Introduction: Racing Sim Seat

About: Teaching and making electronics since - well I don't even know

Many (or most?) DIY project costs more than just buying something, but we LOVE making thing. However, the motto of this project could be: Make your own Sim Seat 10 times cheaper than a store-bought one or LITERALLY buy all the tools and equipment needed!

And I mean literally. No, I don't compare this project to a $5000 seat (which is still just a car seat with some bent steel tubes). The average adjustable sim seats start at $4-500, and we will make it for much cheaper!
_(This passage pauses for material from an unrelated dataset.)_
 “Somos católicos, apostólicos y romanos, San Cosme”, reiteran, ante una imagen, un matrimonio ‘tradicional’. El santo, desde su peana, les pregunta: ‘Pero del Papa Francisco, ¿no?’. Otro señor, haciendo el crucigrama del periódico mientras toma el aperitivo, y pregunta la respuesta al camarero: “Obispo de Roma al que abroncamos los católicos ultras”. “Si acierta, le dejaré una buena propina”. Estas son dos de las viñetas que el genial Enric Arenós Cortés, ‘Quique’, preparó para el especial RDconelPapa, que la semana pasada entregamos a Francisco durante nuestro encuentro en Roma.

The frame is made out of steel, and I bought here it for less than 9000 Ft / $30. Anti-corrosive all-in-one black metal paint (750 ml) with special paint thinner + 2 brush: 3000 Ft / $10.

For the adjustable parts I used M6 nuts - and for practical reasons - screws with "builtin" knob. The Logitech G29/G920 uses M6 screws too. The car seat used M8. All the screws and nuts cost about 2000 Ft / $7.
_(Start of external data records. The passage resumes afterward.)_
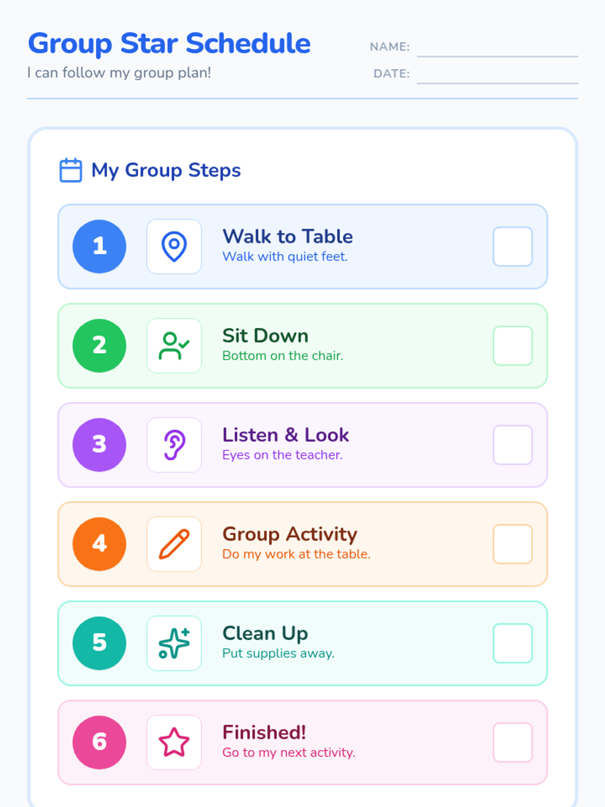 A visual schedule for small group instruction, featuring six clear steps with icons and a built-in token board to reinforce sitting behavior.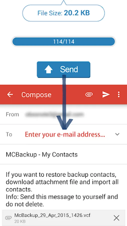 IMPORTANT NOTE: After sending backup file (*.vcf) to yourself, please check your inbox if message arrived and contains attachment (backup file). Sometimes email providers block attachments if attachment size is too large. Try with another mail account if possible, to send your backup file. Or copy backup file (on SD card) to your computer via USB cable.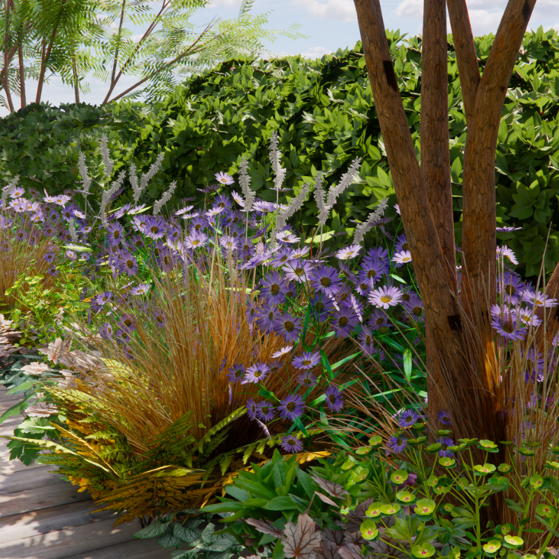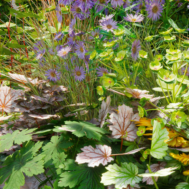 De planten in dit borderpakket hebben wisselende hoogtes. De hoogste soort is Aster 'Little Carlow' met zo'n 100 cm.

And that's basically it! Oh, the seat. That could be tricky - but this is where you can save a LOT. If you search for a while, you will find a great deal. Mine was 3000 Ft / $10, because the airbag was open and replacing it would cost a lot, but I don't have to.

So, the total is $57 so far if you have the tools. And for tools, you will need:

  • Welder, stick welders start from $100, including everything you need, even gloves.
  • Bosch Blue angle grinder: $39
  • Drill: about $50
  • Miter saw starting from $150 or an angle grinder stand for $30
  • Sawhorse: $45
  • Clamps, about 8-10: $60
  • Magnetic square (2-pack): $13

So even buying EVERY part and tool is about $350-400. Let's get started!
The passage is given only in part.